## Dataset content
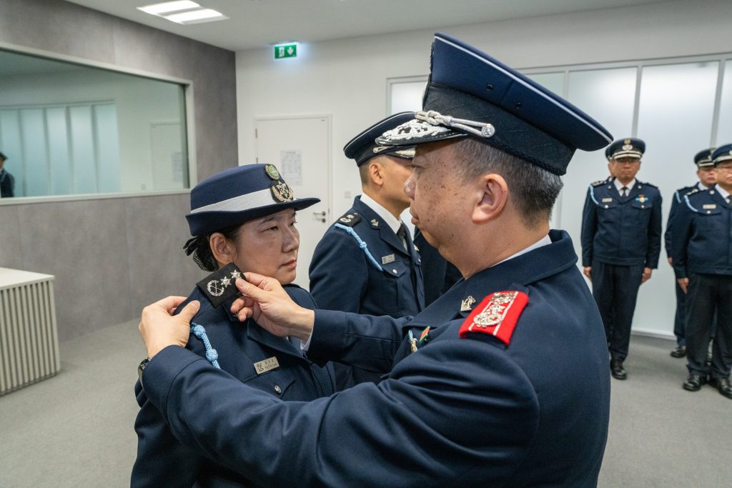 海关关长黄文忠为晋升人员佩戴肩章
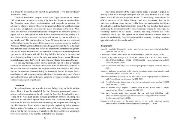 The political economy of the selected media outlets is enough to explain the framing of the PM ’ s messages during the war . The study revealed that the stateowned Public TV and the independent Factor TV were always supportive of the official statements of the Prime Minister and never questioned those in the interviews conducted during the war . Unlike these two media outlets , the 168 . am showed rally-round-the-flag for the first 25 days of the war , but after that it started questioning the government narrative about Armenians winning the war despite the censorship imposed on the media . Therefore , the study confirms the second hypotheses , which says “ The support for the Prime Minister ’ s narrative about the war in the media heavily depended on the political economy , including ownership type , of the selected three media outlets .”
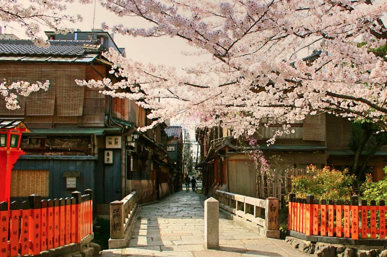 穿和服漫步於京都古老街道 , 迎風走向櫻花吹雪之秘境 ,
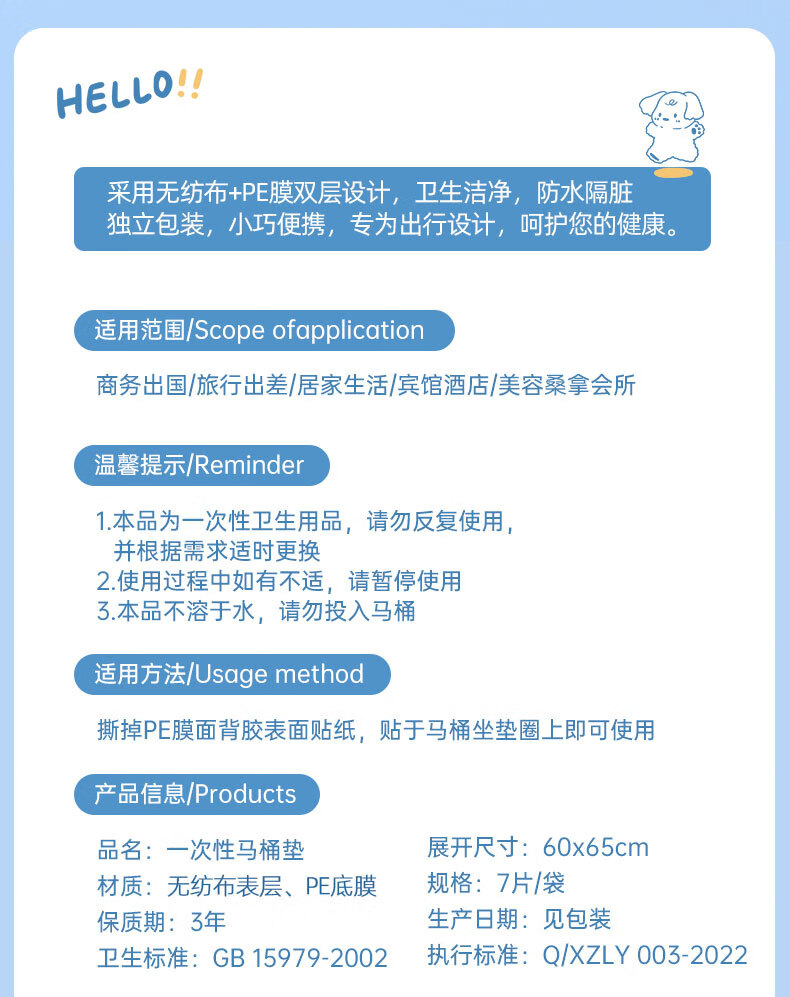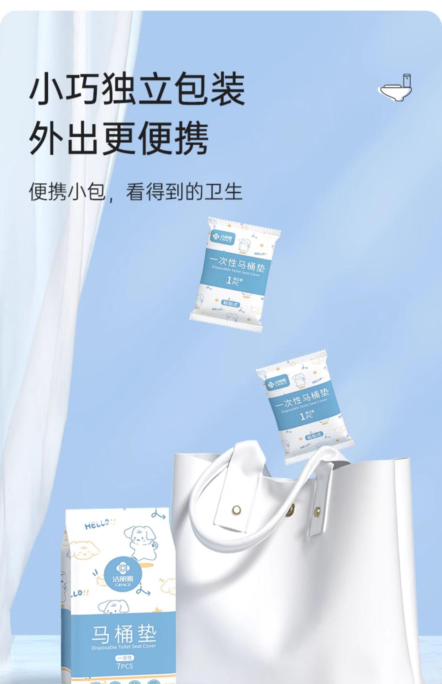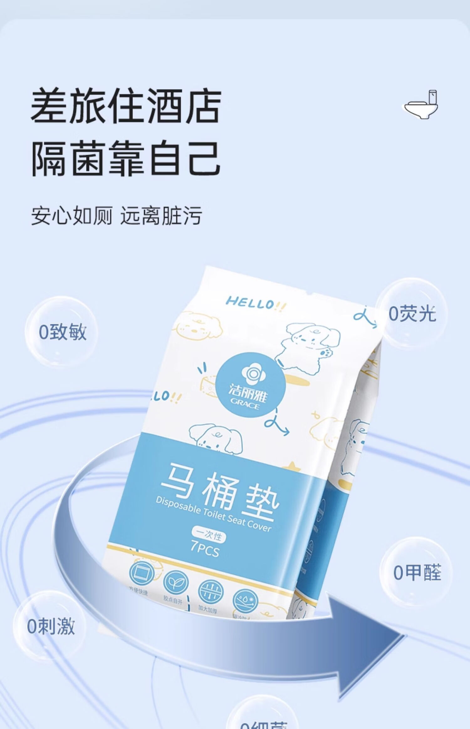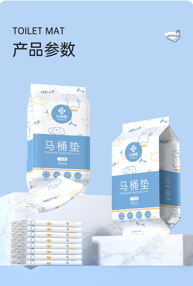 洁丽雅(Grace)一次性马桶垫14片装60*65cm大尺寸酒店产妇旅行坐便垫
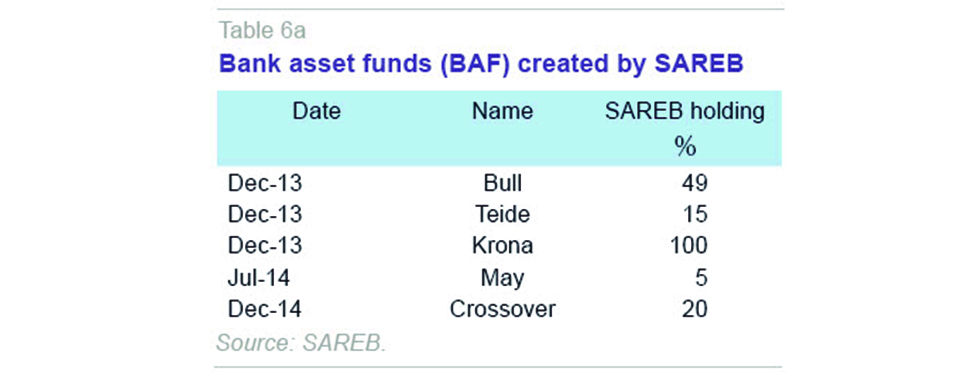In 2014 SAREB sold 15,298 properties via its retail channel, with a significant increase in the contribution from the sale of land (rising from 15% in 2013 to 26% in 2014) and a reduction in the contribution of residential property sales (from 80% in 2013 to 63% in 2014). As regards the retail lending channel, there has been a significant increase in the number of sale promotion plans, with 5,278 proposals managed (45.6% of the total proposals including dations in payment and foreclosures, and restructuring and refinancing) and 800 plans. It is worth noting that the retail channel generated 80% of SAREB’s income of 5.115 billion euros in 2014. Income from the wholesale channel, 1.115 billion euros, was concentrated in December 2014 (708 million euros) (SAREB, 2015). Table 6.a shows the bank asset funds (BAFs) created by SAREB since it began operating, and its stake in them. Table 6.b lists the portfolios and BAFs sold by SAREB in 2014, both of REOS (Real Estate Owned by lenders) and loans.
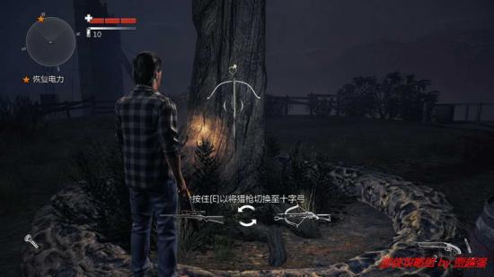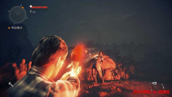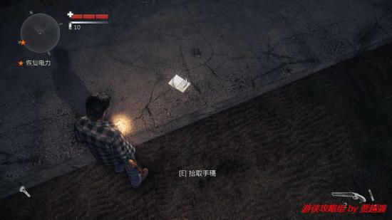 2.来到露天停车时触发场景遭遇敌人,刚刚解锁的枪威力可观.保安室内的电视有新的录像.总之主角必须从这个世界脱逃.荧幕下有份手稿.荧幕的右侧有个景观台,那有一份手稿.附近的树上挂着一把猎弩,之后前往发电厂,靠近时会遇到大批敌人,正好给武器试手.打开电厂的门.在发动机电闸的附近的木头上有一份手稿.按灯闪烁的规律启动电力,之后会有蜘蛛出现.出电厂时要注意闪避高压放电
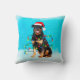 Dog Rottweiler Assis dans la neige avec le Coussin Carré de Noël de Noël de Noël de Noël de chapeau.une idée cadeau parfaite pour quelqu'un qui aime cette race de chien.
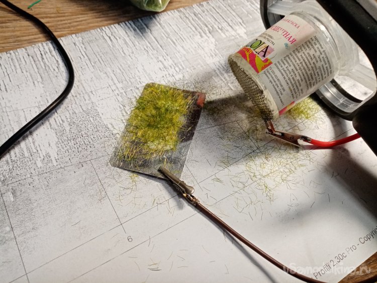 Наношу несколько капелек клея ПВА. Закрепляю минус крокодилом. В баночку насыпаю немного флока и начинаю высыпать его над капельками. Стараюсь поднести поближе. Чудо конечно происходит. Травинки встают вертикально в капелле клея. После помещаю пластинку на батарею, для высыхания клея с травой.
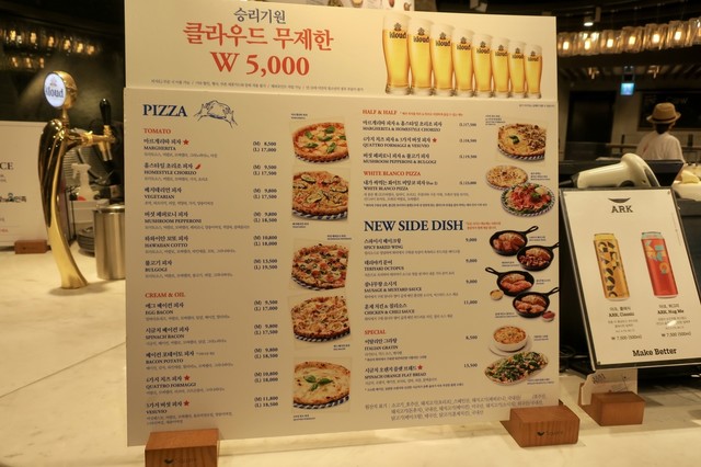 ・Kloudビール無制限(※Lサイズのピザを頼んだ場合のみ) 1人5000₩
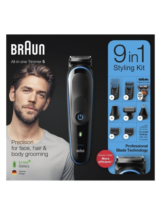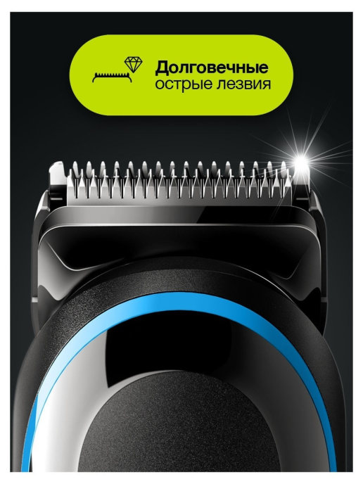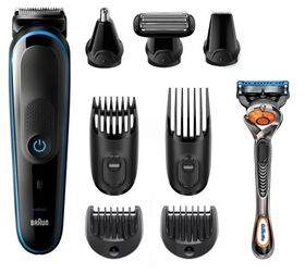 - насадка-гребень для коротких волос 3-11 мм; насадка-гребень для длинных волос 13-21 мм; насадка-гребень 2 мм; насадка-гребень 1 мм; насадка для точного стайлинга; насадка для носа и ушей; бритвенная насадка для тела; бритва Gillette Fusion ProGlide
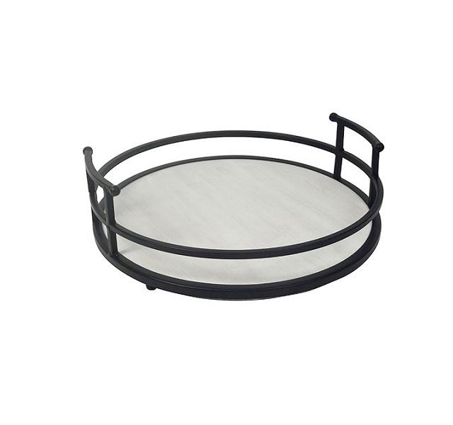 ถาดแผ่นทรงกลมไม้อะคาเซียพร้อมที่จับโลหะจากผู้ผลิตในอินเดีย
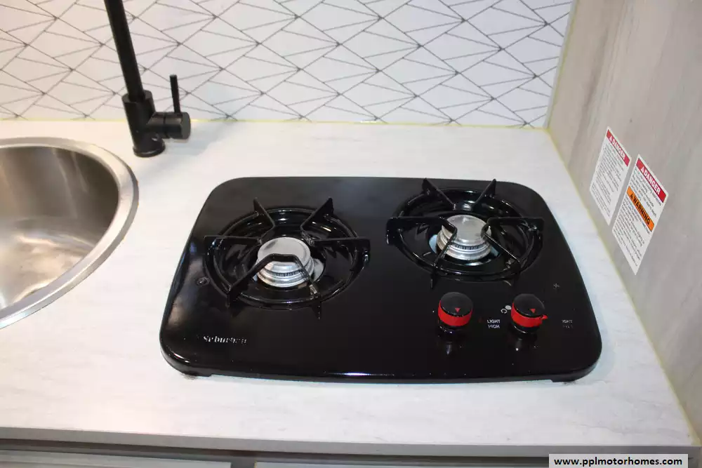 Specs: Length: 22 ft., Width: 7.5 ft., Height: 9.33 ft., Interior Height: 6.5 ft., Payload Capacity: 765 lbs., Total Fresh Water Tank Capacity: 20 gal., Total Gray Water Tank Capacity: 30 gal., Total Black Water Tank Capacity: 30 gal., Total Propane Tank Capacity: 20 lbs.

## Task instructions
Please retype the lines from the one that contains "ถาดแผ่นทรงกลมไ" through the final line of the data, both included, without any pictures.

## Written solution
 ถาดแผ่นทรงกลมไม้อะคาเซียพร้อมที่จับโลหะจากผู้ผลิตในอินเดีย
 Specs: Length: 22 ft., Width: 7.5 ft., Height: 9.33 ft., Interior Height: 6.5 ft., Payload Capacity: 765 lbs., Total Fresh Water Tank Capacity: 20 gal., Total Gray Water Tank Capacity: 30 gal., Total Black Water Tank Capacity: 30 gal., Total Propane Tank Capacity: 20 lbs.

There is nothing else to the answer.